KV cache offloading with vLLM, LMCache, and ONTAP S3

moglesby · ‎2026-02-12

Today, we continue our exploration of KV cache offloading. In my last post, I demonstrated the benefits of offloading your KV cache to shared storage and showed that there is virtually no downside to enabling an S3 tier. If you have not yet read that post, I recommend reading through it before reading this one.

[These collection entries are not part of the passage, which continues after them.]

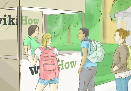 Run a voter registration booth. Set up the booth in a public place with lots of foot traffic, such as on a university campus, by a shopping mall, or near a food court. Put up a sign that says "Voter Registration Booth" so people walking by know what you are offering. Have voter registration forms on hand so people can fill them out when they stop at the booth. Use bright colors to make the booth stand out and catch the attention of passerby. Greet each person who passes by the booth with a friendly "Hello" or "Hi" so they are encouraged to stop and register to vote.
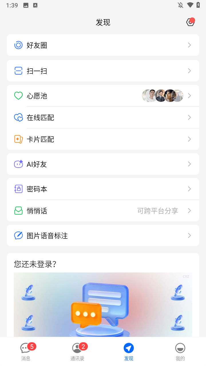 2、进入主页后可以看到跟普通的聊天软件页面差不多。
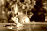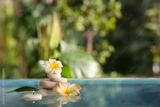 Lake with spa stones and beautiful plumeria flowers in tropical bamboo garden

To demonstrate the benefits of an S3 tier, you will recall that we tested with two separate vLLM instances behind a load balancer. Each vLLM instance was configured to use LMCache to offload KV cache blocks to the same shared ONTAP S3 bucket. In this post, I will walk you through the process of implementing this exact setup in your environment.

Prerequisites

You must have enabled S3 within your ONTAP cluster, you must have an empty S3 bucket available for use, and you must have credentials for reading and writing to this bucket. For more details on enabling S3 and creating buckets in ONTAP, refer to the ONTAP S3 documentation.
You must have a server with NVIDIA GPUs. Note that we tested on a server with two NVIDIA L40S GPUs. If you have a different model of GPU, you may need to make some slight modifications to our vllm serve commands.
You must have network access from your GPU server to an S3 data interface within your ONTAP cluster.
You must have uv installed on your GPU server. For more details, refer to the uv documentation.
You must have docker installed on your GPU server. For more details, refer to the docker documentation.
You must have the NVIDIA Container Toolkit installed on your GPU server. For more details, refer to the NVIDIA Container Toolkit documentation.

Install vLLM and LMCache

Before you can run vLLM with LMCache on your GPU server, you need to install both vLLM and LMCache. First, create a Python virtual environment in which to install and run vLLM and LMCache.

uv venv .venv
source .venv/bin/activate

Next, install vLLM and LMCache.

uv pip install --upgrade lmcache==0.3.12 vllm==0.13.0

Start vLLM instances

Now, you can start your two vLLM instances. First, you need to create your LMCache config file

vi lmcache-config.yaml

local_cpu: True
max_local_cpu_size: 100
save_decode_cache: True
remote_url: "s3://<bucket_name>.<ontap_s3_server_fqdn>"
remote_serde: "naive"
extra_config:
  s3_num_io_threads: 320
  s3_prefer_http2: False
  s3_enable_s3express: False
  save_chunk_meta: False
  disable_tls: <True/False>
  aws_access_key_id: "<ontap_s3_access_key>"
  aws_secret_access_key: "<ontap_s3_secret_key>"
  s3_region: "us-east-1"

Next, start your first vLLM instance.

# Specify LMCache config file
export LMCACHE_CONFIG_FILE=$(pwd)/lmcache-config.yaml

# Specify GPU
export CUDA_VISIBLE_DEVICES="0"

# Ensure that both vLLM instances use the same hash seed
export PYTHONHASHSEED=0

# Set your vLLM API key (must be the same for both instances)
export VLLM_API_KEY='<api_key>'

vllm serve \
    Qwen/Qwen3-8B \
    --tensor-parallel-size 1 \
    --kv-transfer-config \
    '{"kv_connector":"LMCacheConnectorV1", "kv_role":"kv_both"}' \
    --port 8001

Next, in a separate terminal session, start your second vLLM instance.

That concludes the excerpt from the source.